This produces an error in version 7.1 for me:
[AVFilterGraph @ 0x6000008b59d0] More input link labels specified for filter 'aeval' than it has inputs: 2 > 1
[AVFilterGraph @ 0x6000008b59d0] Error linking filters
Failed to set value '[0:a][1:a]aeval=val(0)-val(1):c=same' for option 'filter_complex': Invalid argument
Error parsing global options: Invalid argument
The theory behind it is simple: Subtract each audio sample in B from each audiosample in A.
You can do the same thing in your DAW¹ by putting A (e.g. the original) onto one channel and B (the processed sound) onto another. Then you invert the phase of B and listen to/export the sum.

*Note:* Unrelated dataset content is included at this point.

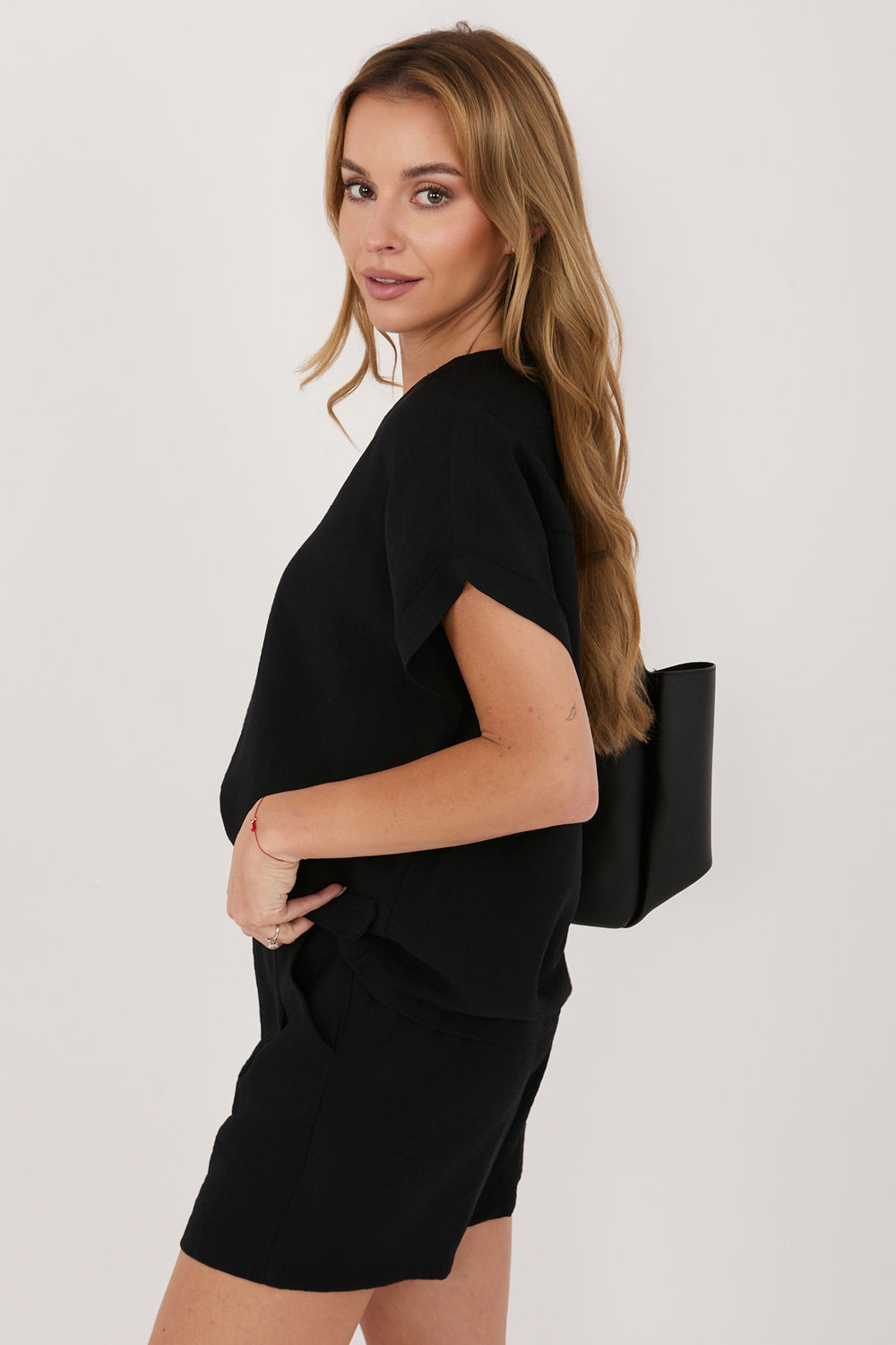 Een elegante en tegelijkertijd comfortabele damesblouse is een uitstekende keuze voor dagelijkse styling. Gemaakt van een hoogwaardige mix van viscose en polyamide, biedt het lichtheid, ventilatie en comfortabel dragen gedurende de hele dag. Het model met standaard lengte en korte mouwen is perfect voor warmere dagen, en biedt bewegingsvrijheid en een universele uitstraling. Het gladde materiaal benadrukt het minimalistische karakter van de blouse, waardoor je het gemakkelijk kunt combineren met veel kledingstukken. Aan de voorkant bevindt zich een decoratieve flap die het geheel een subtiele elegantie geeft en het model onderscheidt van klassieke stijlen. De V-hals gecombineerd met de opstaande kraag geeft een moderne en stijlvolle touch, en benadrukt op een mooie manier de hals. De blouse heeft geen sluiting, wat het gebruiksgemak vergroot. Ideaal voor dagelijks gebruik naar het werk, voor vergaderingen of een wandeling, past perfect bij zowel broeken als rokken.

This trick works also for audio gear that claims it does amazing things to your sound (here you just need to make sure to match the levels if they have been changed). Then you can look how much of the signal has truly been affected by your 1000 bucks silver speaker cable.
¹ Digital Audio Workstation, something as simple as Audacity should do the trick
> Then you can look how much of the signal has truly been affected by your 1000 bucks silver speaker cable.
I have a friend who has spent ridiculous sums of money on audio gear. Like, he's in his 50's, and still lives with his parents (in part) because of it. Over the years, I've learned I will never convince him that he's being fleeced, but I've wanted to make a site to host such A/B comparisons for a very long time, to perhaps get through to others what a waste most of the "audiophile" gear is.
Have you ever checked out the https://hydrogenaud.io/index.php?action=forum forums?
use this instead: ffmpeg -i original.wav -i decoded.wav -filter_complex "[1:a]aresample=async=1,volume=-1.0[inverted];[0:a][inverted]amix=inputs=2:weights=1 1" difference.wav
But honestly the only thing you get is something that subjectively sounds exactly the same, but lower volume. Probably due to the fact that subjective sound experience is more related to the fourier transform of the waves than it is to the waves themselves.
It's because mp3 dramatically changes phase. As a result, merely mixing the inverted original won't leave you with what's filtered out.
That technique will work with simpler compression techniques, like companding. (Companding is basically doing the digital equivalent of the old Dolby NR button from the cassette days.)
Interesting approach. So are we only able to hear those sounds now because the rest of the music was removed, which would ordinarily mask the missing sounds?
To say that the mp3-encoded version is not "what the artist recorded and wanted for us to hear" would imply that we can hear all sounds in the uncompressed recording.
Yes exactly this. On a high bitrate stream these losses are imperceptible (yes even by you golden ears out here) due to how auditory filters work in human hearing.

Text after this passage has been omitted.